Turkey Rejects Iran's Gas Proposal
While Iran is attempting to boost its gas exports in coming years, two potential customers are in conflict with Iran while Iran's gas delivery to Iraq and Pakistan remains under question.
Iranian Oil Minister Bijan Namdar Zanganeh announced on 14 April that Tehran offered Ankara a doubling of Iranian natural gas imports for getting a discount in gas prices however Ankara rejected the offer.
On the same day, Oman’s Minister of Oil and Gas, Mohammed Al Rumhy, said that Tehran and Muscat have yet to agree on the route of a 260km underwater pipeline to carry Iranian gas to Oman.
“The first part is to agree on the route. Once we agree on the route we will move onto the second phase, which is the design of the pipeline itself,” said Al Rumhy.
Based on a preliminary deal signed between Iran and Oman in 2013, the two sides agreed to start necessary operations to start the exports in two years.
The volume of exports to be provided from Iran’s Kish gas field would be 10 billion cubic meters per year, equivalent to Iran's current gas delivery level to Turkey.
Turkey filed two complaints with the International Court of Arbitration accusing Iran of overcharging as well as citing the low quality and quantity of delivered gas. Minister Taner Yıldız said earlier that the court is set to issue its final verdict on the dispute in May.
Iran increased gas deliveries to Turkey by one billion cubic meters of gas per annum (bcm/a) during last year. Iran, Russia and Azerbaijan export about 10 bcm/a, 27 bcm/a and 6.6 bcm/a to Turkey respectively. Turkey purchases 1000 cubic meters of Iranian gas at $490, which is much higher than Russian gas (at $425) and Azerbaijani gas (at $335).
Zanganeh said that the International Court verdict about Turkey's claim on the gas quality-quantity was in favor of Iran, but the release of the second verdict is expected in two months.
Regarding Turkey's demand of at discount, Zanganeh said that Iran offered to double gas delivery to Turkey instead of a discount, but Ankara rejected.
Iran also postponed delivering natural gas to Iraq in restricted volume, which was scheduled to start in mid-March 2015. Iran says delivering 4 to 5 mcm/d of gas to Iraq will start next month, but for fulfilling the 25 mcm/d gas delivery agreement, it needs the new pipeline be completed from Iran's South Pars gas fields to Iraqi Kurdistan region's borders with Iran. Iran should complete the 6 th cross-country gas pipeline to export South pars gas to Iraq.
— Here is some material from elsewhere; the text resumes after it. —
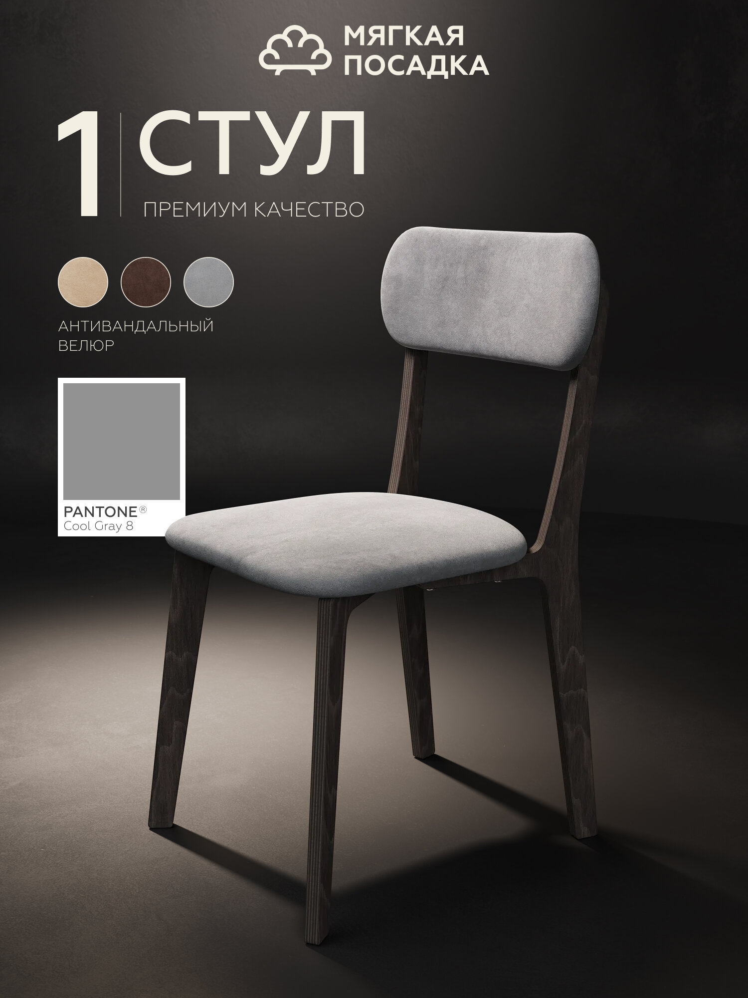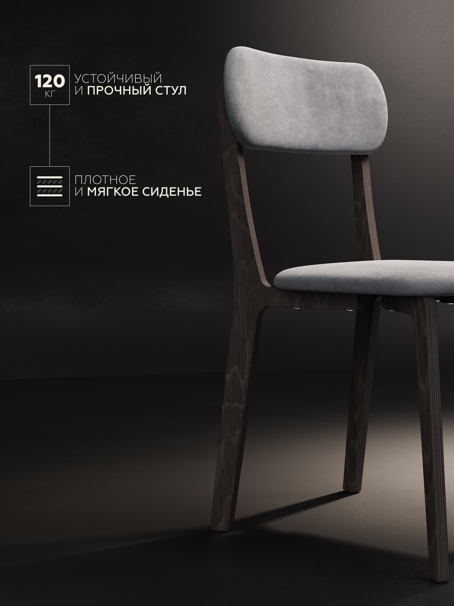 Стулья для кухни МЯГКАЯ ПОСАДКА комплект 4 шт деревянные мягкие со спинкой для обеденной зоны, велюр, серый 42х48х80 см 19 785 ₽

The first and second sections of this pipeline totalling 611 km in length have been completed and 600 km of piping is to reach Iraqi borders.
The capacity of a 6th cross-country pipeline, projected to cost over $2 billion, will transfer 110 mcm/d of gas to Iraq, Syria, Lebanon and Europe.
Iran also had an agreement with Pakistan to start delivering the natural gas in January 2015, but the construction of pipeline hasn't started in Pakistani territory yet.